Tuesday, August 06, 2013

BI “ideal” platform


When dealing with BI projects, you are much more likely to work under the constraint of existing platform than building one from scratch.   This means having to deal with existing idiosyncrasies, sub-optimal architecture, complex and big data models, tangled ETL loading dependencies and scheduling, confusing or mixing different approaches and architecture, etc.

This post presents my “ideal” platform blueprint I would use when no existing platform is in place which compromises good design principles.  This ideal BI platform leverages the Multilayered architecture's concept borrowed from the more general Design Pattern in software design engineering.  The advantage of layering is obvious enough:
    1. Visibility:  any layer can only depend on the immediate preceding layer
    2. Functional role:  each layer focus on clear and none contradicting roles
    3. Volatility:
      • Delivery (highest) layer are made up of components that are dependent only on end-user BR changes (i.e. new “business” rule should only affect Delivery layer)
      • Raw Consolidated (lowest) layer are made up of components that change according to technical/system changes happening in operational world
      • Business (middle) layer isolate lowest and highest layers from each other and from their life changing cycle (here the Business-oriented data of the Consolidation layer is the best place to design this in-between layer)
All layers control and isolate data dependencies :  each layer is only sourced (or dependent) from its direct layer underneath, and layer only expose data to layer above.

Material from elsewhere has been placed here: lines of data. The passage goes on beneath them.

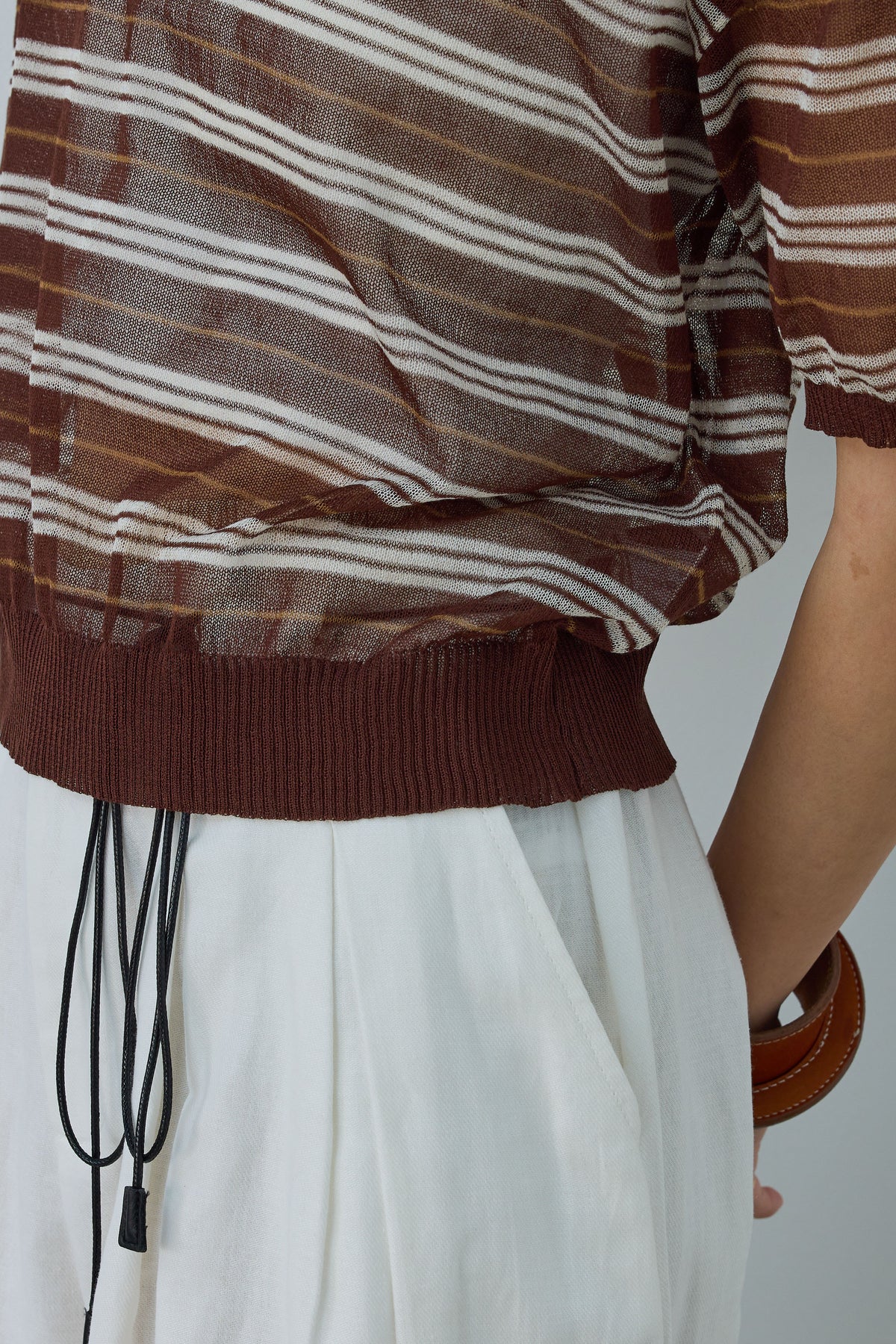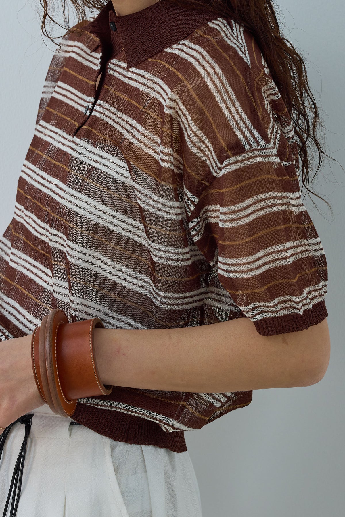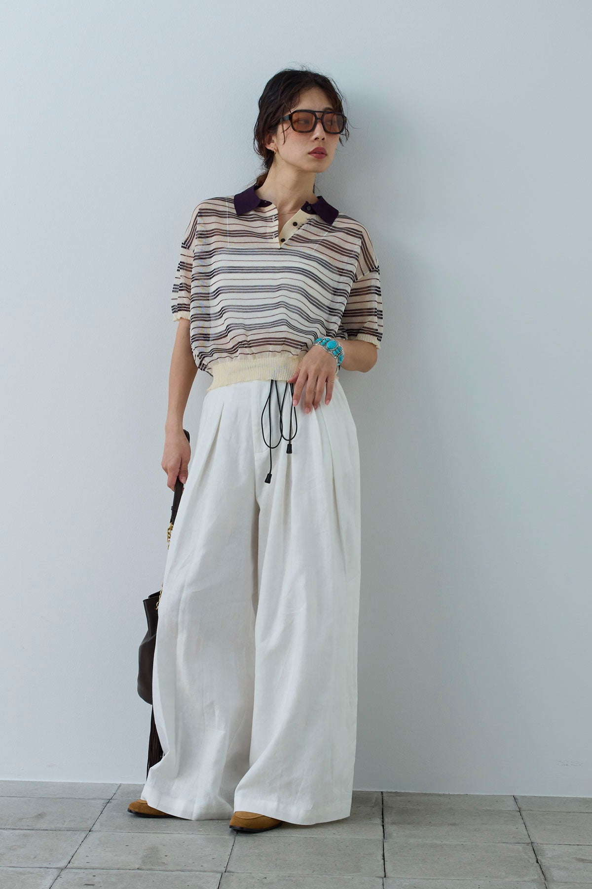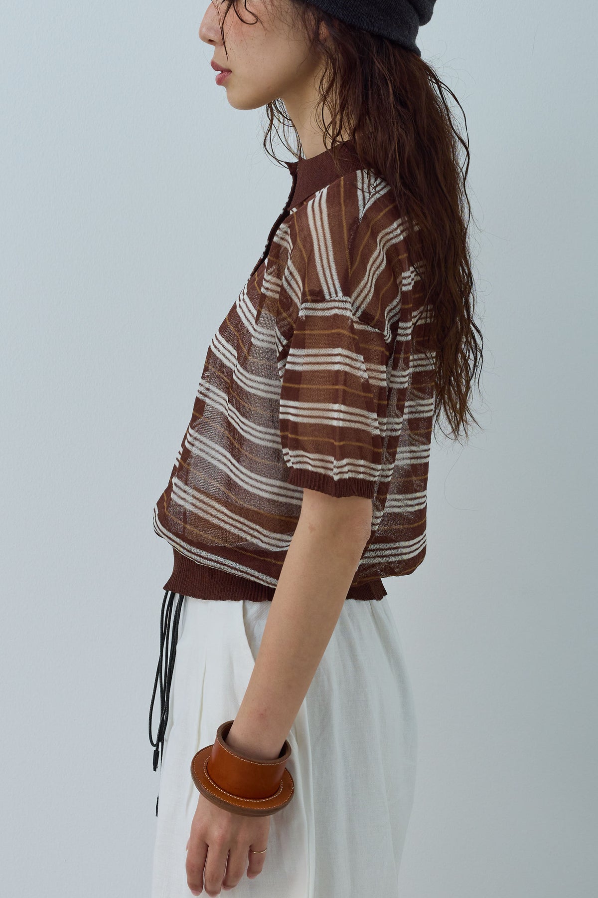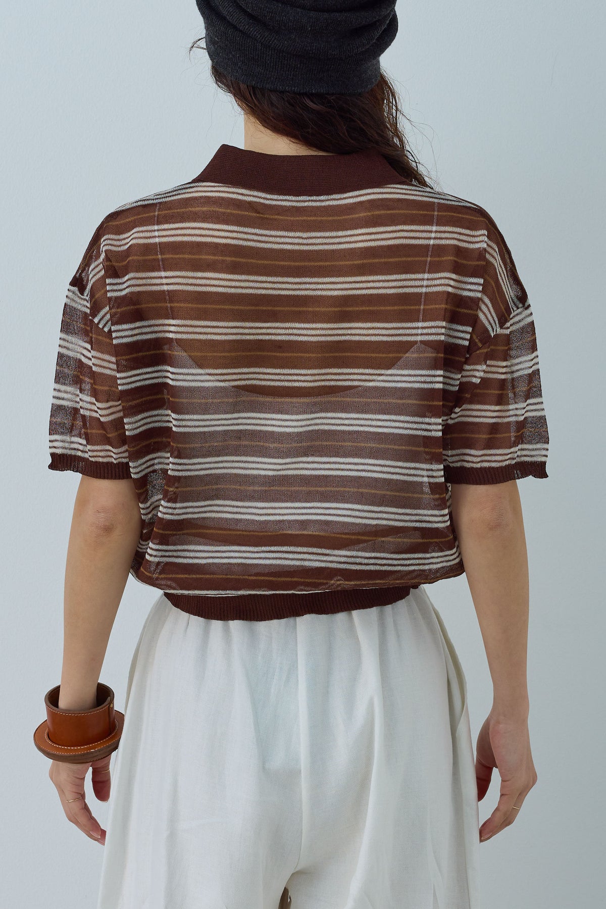 透け感のある生地で、ボーダーデザインが特徴的なポロシャツスタイルのトップスです。カジュアルながらもシアー素材のため、軽やかで涼しげな印象を与えるアイテムです。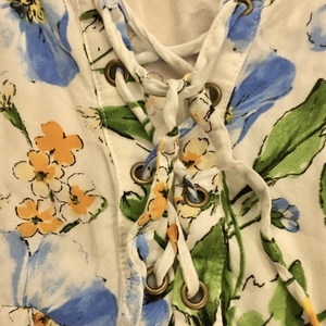 Short dress with layered skirt and lace-tie top. Slim fit and waist and slightly flared skirt. Adorable as a beach cover-up or on its own.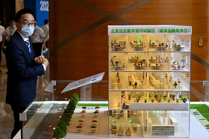 在数字金融论坛设置的数字人民币体验区,一名与会者观看丽泽数币一卡通的应用场景模型。记者 李鑫 摄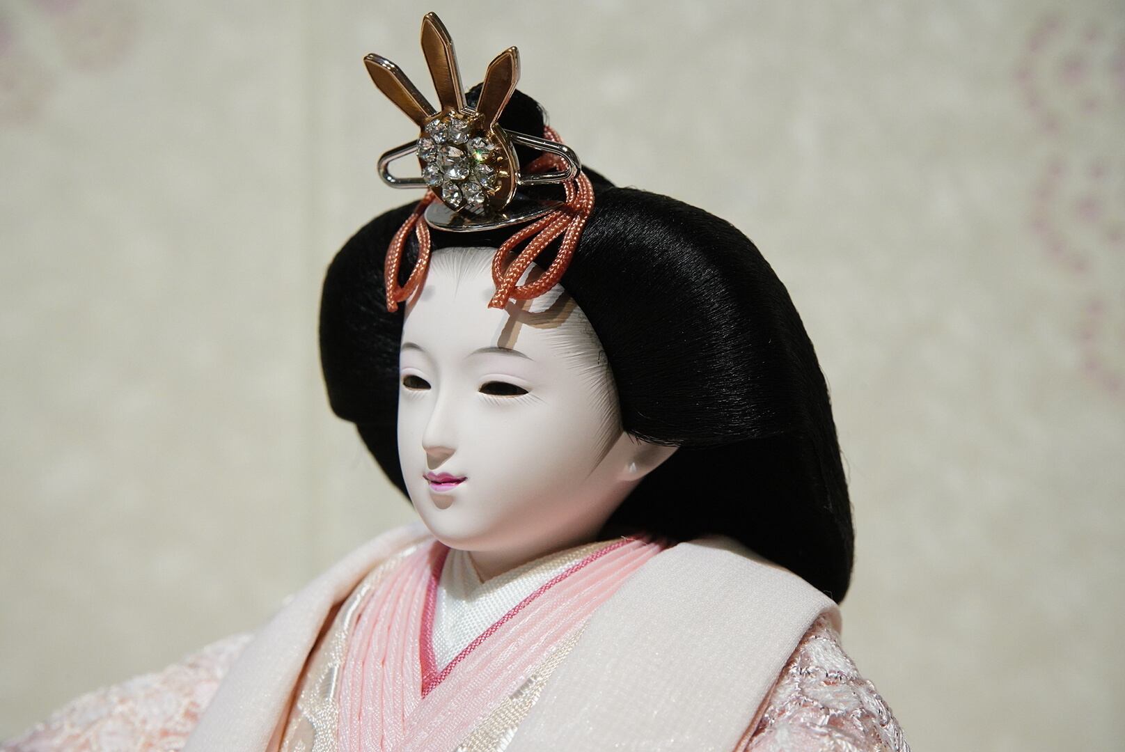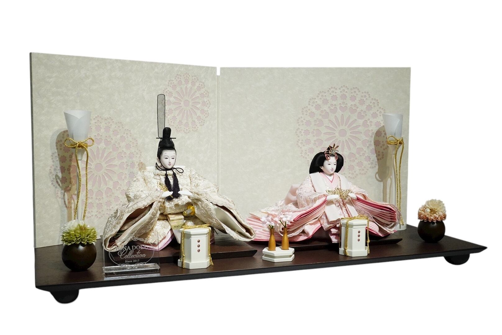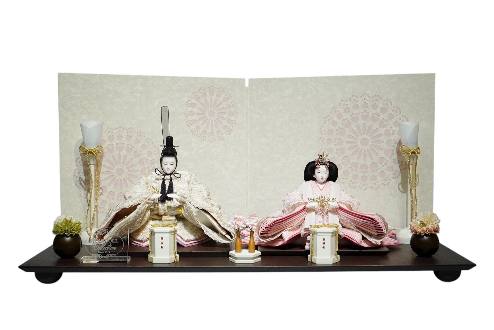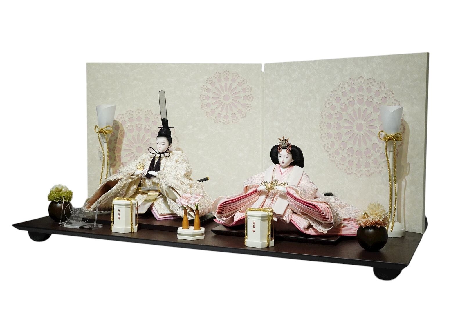 淡いピンクと生成りの色合いがやさしく調和する、上品な親王飾りです。

The following diagram depicts an high-level view of this idealistic  BI platform:
 Archi_BI_mod


 Obviously, this diagram’s focus is on simplification, detail of less important are not represented; ex. possible staging areas in between each layer, metadata layer (for ETL business rules, KPI and Report definition, ..),  delivery layer usually has an eclectic choice of architecture based on technologies and tools.


Source Layer

Layer Definition
This layer is simply all systems collecting and generating data.   Not much can be said here as this layer does not fall under the BI group’s responsibility.   However one design criteria note worthy concerns its physical implementation and is meant to avoid disrupting the on-going operational process :
    • We should never target the real “Production” system, but Leverage whenever possible some data replication/copy mechanisms (hardware or software -based)
    • Persisted Staging Area or ODS are different ways for BI to get their own our copy of source data with minimal impact on source


Integration/Consolidated Layer

Layer Definition
This layer is the one closest to the original Inmon’s def: “subject oriented, non-volatile, integrated, time variant collection of data in support of management's decisions”.  Some may refer to it using different name like Integrated Layer,  but the fundamental idea remains the same: consolidate and store multi-source data in one database repository.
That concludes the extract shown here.